Description of the task: Print each record below precisely, with every picture left out of the copy.

--- Provided material ---

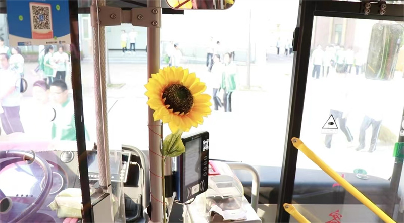 為營造良好出行環(huán)境,公交車不僅嚴(yán)格執(zhí)行衛(wèi)生標(biāo)準(zhǔn),通風(fēng)消毒,提前開啟車內(nèi)空調(diào),保持車廂溫度適宜,為考生提供舒適的乘車環(huán)境。還配備了便于考生識(shí)別車次的標(biāo)識(shí),并在車身張貼了為考生加油的橫幅。同時(shí)車廂內(nèi)裝飾粽子和向日葵,寓意“高中”和“一舉奪魁”。
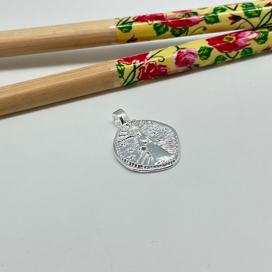 FP626 Colgante Ovalado Virgen de los Milagros Borde Calado 25 x22 mm Figura Baño Plata
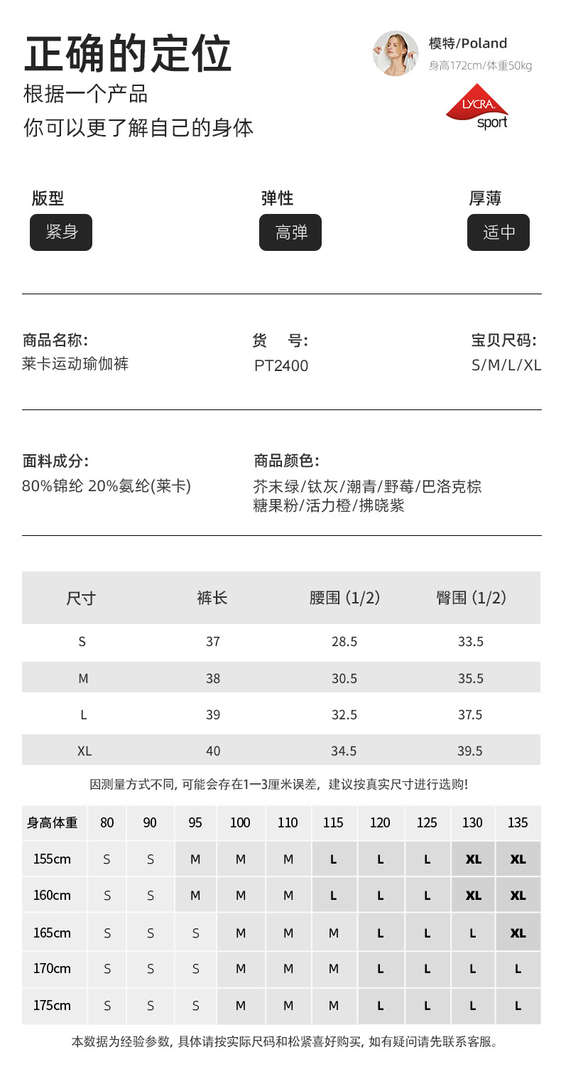 跃牌【周游世界系列】春夏新品防滑四分裤高弹莱卡瑜伽裤运动健身收腹裤PT2400
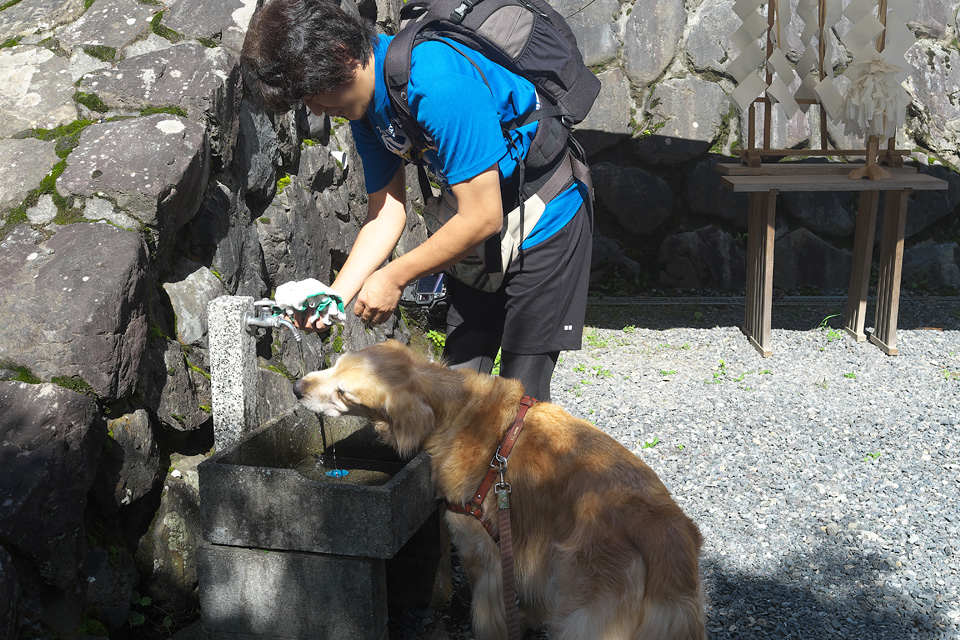 タローも手水をお借りして参拝する間に授与所が開きました。
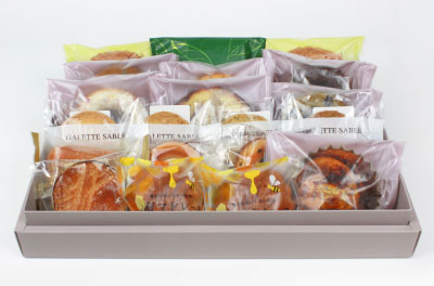 フランス菓子を基本に、温かみのある風合いを大切にして焼き上げたクッキーやフィナンシェなど、おすすめの焼菓子を詰めたギフトセット。
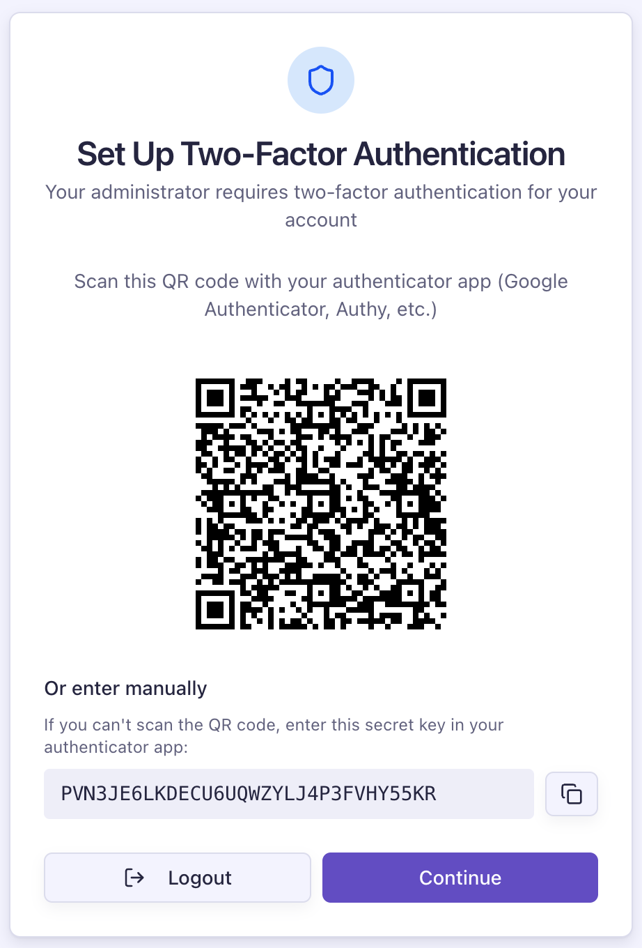 Scan the QR code with your authenticator app (Google Authenticator, Authy, 1Password, etc.) or copy the secret manually.
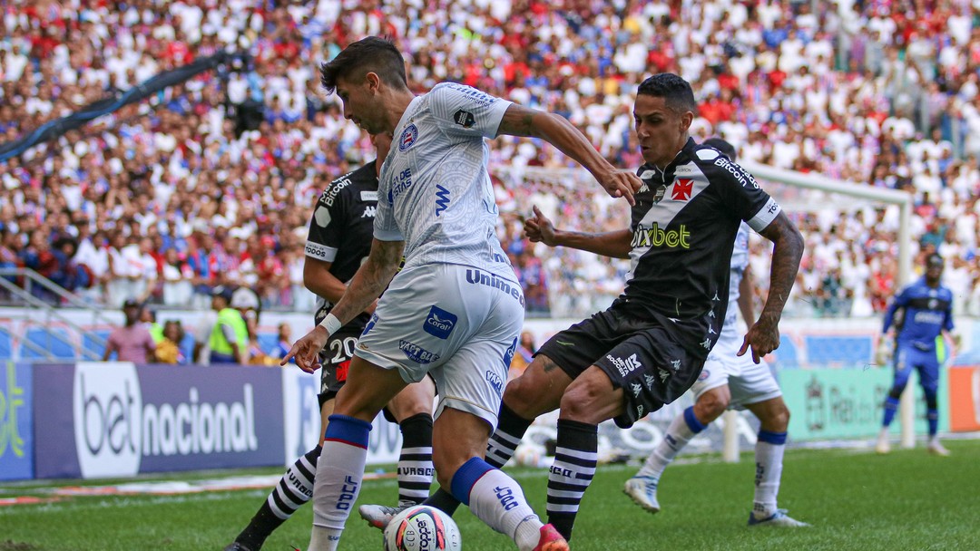 O Bahia sentiu o revés e viu o Vasco equilibrar as ações. Só que, aos poucos, os donos da casa voltaram a buscar o ataque. Os baianos conseguiram chegar ao empate em novo gol contra, aos 40 minutos. Matheus Bahia cruzou rasteiro, Quintero se esticou para cortar e acabou mandando para a própria rede.
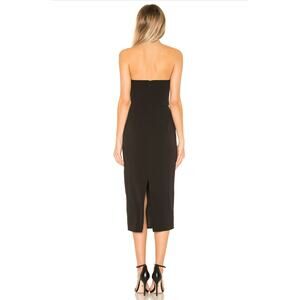 By now you're well aware that Lovers + Friends doesn't mess around when it comes to figure sculpting silhouettes. The Denise Midi Dress dons clean lines with its strapless design and a front cut out that leaves a lasting impression. Fully lined. Front cut out and back vent. Hidden back zip closure. Self: 96% poly 4% spandex. Lining: 97% poly 3% spandex. Dry clean only. New with tags.

---

Response below:
 為營造良好出行環(huán)境,公交車不僅嚴(yán)格執(zhí)行衛(wèi)生標(biāo)準(zhǔn),通風(fēng)消毒,提前開啟車內(nèi)空調(diào),保持車廂溫度適宜,為考生提供舒適的乘車環(huán)境。還配備了便于考生識(shí)別車次的標(biāo)識(shí),并在車身張貼了為考生加油的橫幅。同時(shí)車廂內(nèi)裝飾粽子和向日葵,寓意“高中”和“一舉奪魁”。
 FP626 Colgante Ovalado Virgen de los Milagros Borde Calado 25 x22 mm Figura Baño Plata
 跃牌【周游世界系列】春夏新品防滑四分裤高弹莱卡瑜伽裤运动健身收腹裤PT2400
 タローも手水をお借りして参拝する間に授与所が開きました。
 フランス菓子を基本に、温かみのある風合いを大切にして焼き上げたクッキーやフィナンシェなど、おすすめの焼菓子を詰めたギフトセット。
 Scan the QR code with your authenticator app (Google Authenticator, Authy, 1Password, etc.) or copy the secret manually.
 O Bahia sentiu o revés e viu o Vasco equilibrar as ações. Só que, aos poucos, os donos da casa voltaram a buscar o ataque. Os baianos conseguiram chegar ao empate em novo gol contra, aos 40 minutos. Matheus Bahia cruzou rasteiro, Quintero se esticou para cortar e acabou mandando para a própria rede.
 By now you're well aware that Lovers + Friends doesn't mess around when it comes to figure sculpting silhouettes. The Denise Midi Dress dons clean lines with its strapless design and a front cut out that leaves a lasting impression. Fully lined. Front cut out and back vent. Hidden back zip closure. Self: 96% poly 4% spandex. Lining: 97% poly 3% spandex. Dry clean only. New with tags.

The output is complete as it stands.